The next creative word God spoke at Creation was to create dry ground; land, terra firma.  Love - compassion for God, for one another, for family - is the terra firma upon which we stand in the bubble of trust that arises by keeping the Ten Words.  All the negative behaviours the Ten Words speak against are things that love does not do.  Yet when we love, we find we fulfill all of the Ten Words and our relationships have firm ground to stand on.

The next creative words God spoke at Creation (I’m lumping three days together) were to fill the bubble – the oceans, the sky, the land – with life.  So also, life lived according to the Ten Words is true life.  It is life lived in which we reflect the image of God into his creation.

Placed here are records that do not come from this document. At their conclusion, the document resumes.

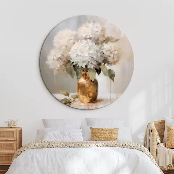 Apaļas gleznas Delikāts hortenziju pušķis vāzē r46263
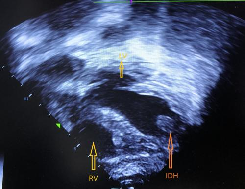 IDH为心肌内解剖血肿,LV为左心室,RV为右心室 图 1 患者第6日超声心动图 |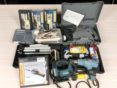 A collection of power tools and hardware including Bosch, Erbauer, Roberts, etc. (2 boxes)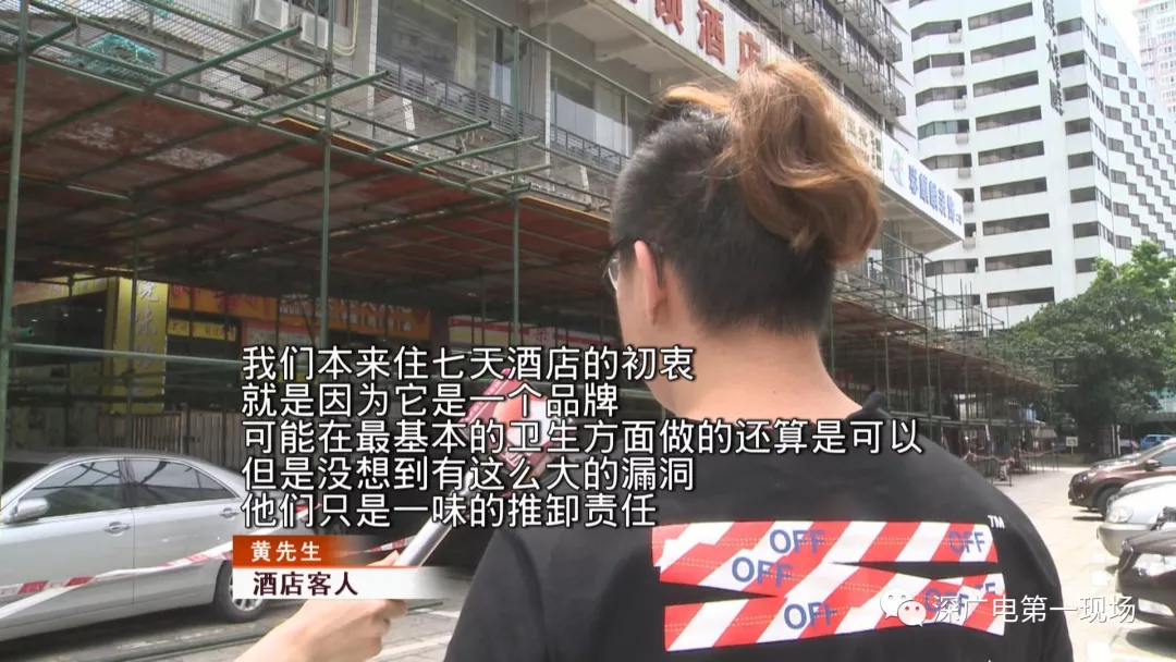 記者在酒店大堂的墻壁上,也看到了黃先生提供給記者的視頻中一模一樣的蟲子。洗衣機(jī)就隨意擺放在過道。黃先生還說,本以為7天酒店是一個(gè)連鎖大品牌,但這實(shí)際的環(huán)境和態(tài)度都讓他十分失望。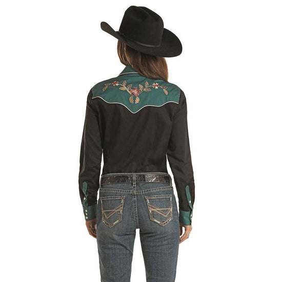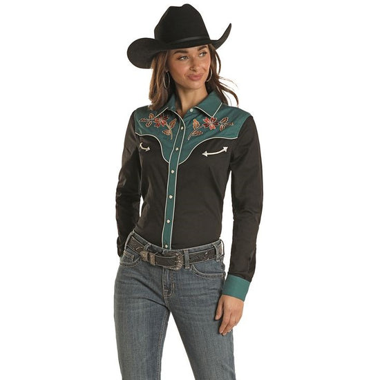 Panhandle® Ladies Solid Black Stretch Poplin Snap Shirt PSWSOSRZ2N-01

The last creative word God spoke at Creation was Sabbath rest.  We think of the Sabbath wrongly if we think of it as simply a day that we shouldn’t work on.  Many of you have childhood memories and heard stories from your parents and grandparents about how they weren’t allowed to do anything on Sunday except sit and stare blankly into space for fear of offending God by working on the Sabbath.  The Sabbath is space and time for us not just to stop working, but more so, for us to take the time and have the space to intentionally repose with God, kick back with God, and enjoy the wonders of his creation.  Without Sabbath rest life because onerous and increases the likelihood that we will stray from keeping the Ten Words and break trust with the people we love. 

Remember last week’s sermon about God making water come forth from a granite rock to restore life to his people who were likely less than a day away from dying of dehydration.  It is no coincidence that event comes just before the giving of the Ten Words of the granite mountain of Mt. Sinai.  Just like that water, living according to these Ten creative Words is life-giving, soul-thirst quenching in a world where human relationships can be hard as granite for lack of trust and love.  So, let God be the one and only God in your life.  Do not create images of God that make God out to be something other than God is.  Don’t make God serve the vain purpose of “me, myself, and I”.  Keep Sabbath rest.  Bring honour to the one’s who reared you.  Do not take life, or commit adultery, or steal, or lie, or covet other people’s stuff.  This is all possible by sticking to Jesus’ summary of the Ten Words – “Love the Lord your God with all your heart, soul, mind, and strength; and your neighbour as yourself.”  Love fills full the Ten Words.  Amen.